Put it all down in black and white. Your counselor will help you put the pieces together.



2.  Shock. Did you have a bad scare at a tender age? Do you recall vividly some incident where you were sure you would be killed? Your insecurity may date back to a distant day when you suddenly thought all your world was falling apart.



Write it out in great detail. The mere transfer from your harried soul to the paper will do you more good than you can imagine beforehand.



3.  Disappointment. This is close kin to shock. Did you want something with all your heart, and then not get it? Was somebody else elected captain of the team or president of the class? Did somebody else get someone you longed to make your own?



Perhaps this is the place where you decided the universe wasn’t friendly and God loved somebody else more than you. Maybe those I-feel-sorry-for-me hours go back to this experience, or others like it.



4.  Hatred, resentment, grudge. Make a list of those who have done you wrong and how you feel about them. Add to the list those whom you do not like, and why. Both religion and psychology stand by the view that you can’t have the love of God flowing into your heart until the pipes from you to others have been cleared of rust and rubbish. No one has ever proved the opposite.



5.  Guilt complex. Did you steal something back there in the long-gone years? Did you cheat in class? Did you hurt someone?



How about sex? Among non-alcoholics in my work as counselor I find that at least seventy-five per cent of those who suffer from guilt complex have either an imagined or real sex sin in their background. With alcoholics, in my experience, let me stress, it’s 100%. I have never participated in the Fifth Step with anyone who didn’t have some moral misdemeanors to relate.

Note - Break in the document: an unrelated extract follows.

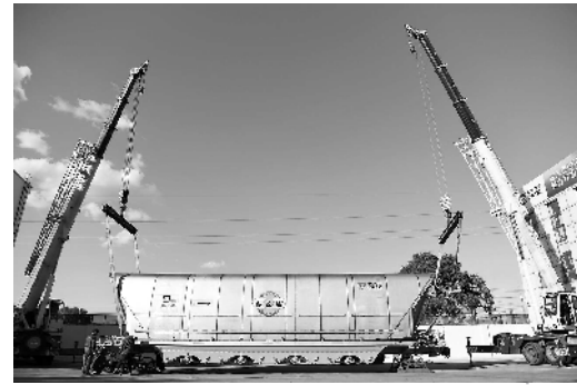
在中车齐齐哈尔车辆有限公司厂区,起重机吊起出口的自卸式煤炭漏斗车。

数据显示,占据东北经济半壁江山的辽宁省,经济增速从2016年负增长,到2017年由负转正,再到2019年上半年的5.8%。李凯认为,总体上,新一轮东北振兴已出现了很多积极因素,东北经济恢复性态势已经形成,但东北振兴仍然面临长期而艰巨的挑战。
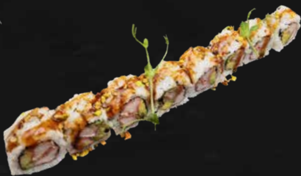
184. SURIMI FRITTO surimi fritti, avocado, maionese e pistacchio € 10.00

You may attempt to laugh it off and treat it lightly. But we are all moral creatures, and there is something sacred in us which, when tampered with, comes back one day to beat a haunting tattoo on the deep-toned drums of the soul.



This may be the hardest thing you ever did: write it down. Don’t be afraid. God, having created us, knows our frailty. He gave us our instincts. It would be against His very nature to equip us with driving impulses and not forgive when we have used them wrongly.

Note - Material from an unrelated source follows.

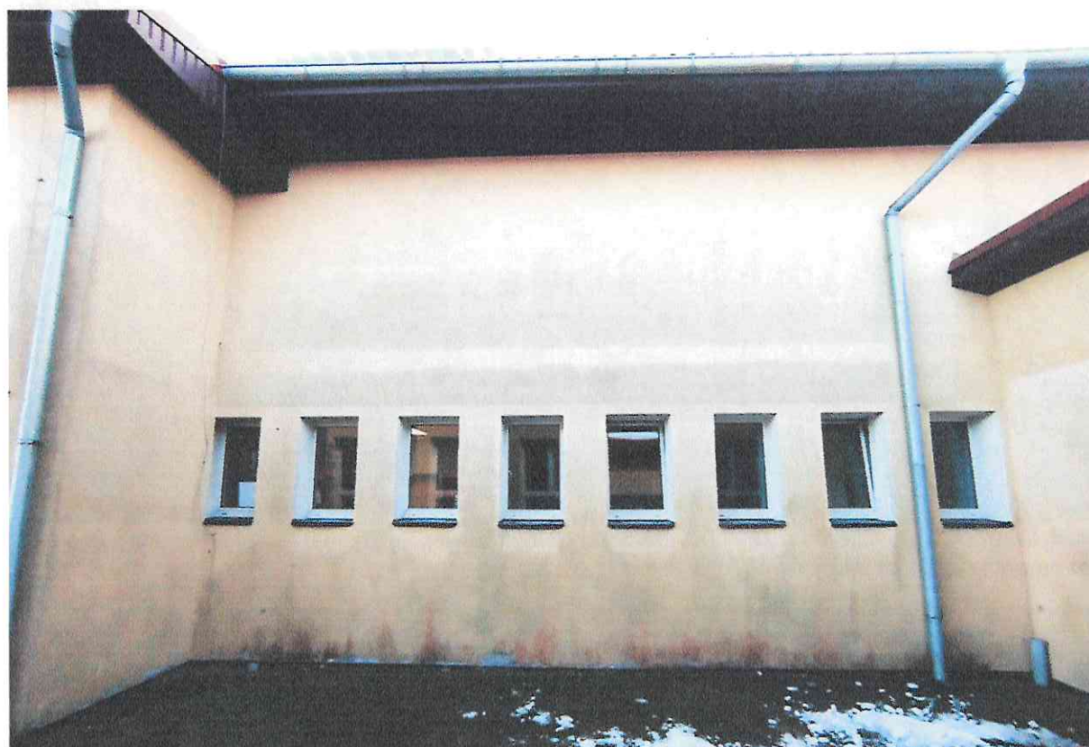
Fot. 11. Lisowice, ul. Mickiewicza 22 – budynek Szkoły Podstawowej. Segment A – dalszy ciąg elewacji północnej (fot. z dn. 22.01.2025)

Your counselor will help you here, and you will help yourself if you list them, one-two-three.



6.  Selfishness. Are you number one on your agenda? Oddly enough, it may be two opposite ends of the same pole which made you that way. You may have had too much when you were little. Thus you naturally thought that life was designed to please you and when you fared forth on your own you discovered that you were somebody special at home but just another struggler to everyone else. This made you bitter. You set out to please you and that always leads to bitterness.



Or maybe you didn’t have the things that all the other kids accepted as commonplace. Therefore you decided that one day you would put yourself in a spot where you could really be nice to you. Thus, without realizing it, you became selfish.



Life is for service, not self-service, and when you see yourself on paper you may discover a big flaw in your thinking.



There are many other areas of your background too, which will be revealing. Time and space will not permit listing them all. I have suggested a few of those most common. Take your time, be honest, write it all down in great detail.



When you have completed your inventory, make a date with the person you have chosen and have it over as soon as possible. It’s a good idea to call this person well ahead of time and ask him to save you plenty of time in his schedule.



Select a listener you can trust. Maybe it’s your doctor, your priest, your minister. Possibly it’s a prominent businessman or someone nobody notices. It may be a person in a distant city whom you will never see again. Maybe it’s just a good friend.



But whoever it is, believe in him completely. Have confidence that he can help you put the pieces together. You should also believe that he has enough of the love of God in his heart to share some of it with you. It also helps if your counselor has been over this part of the rocky pass ahead of you, although there are exceptions to this generalization.



Good climbing! It’s a tough mountain but the view is worth it from the top, once you get by The Hump.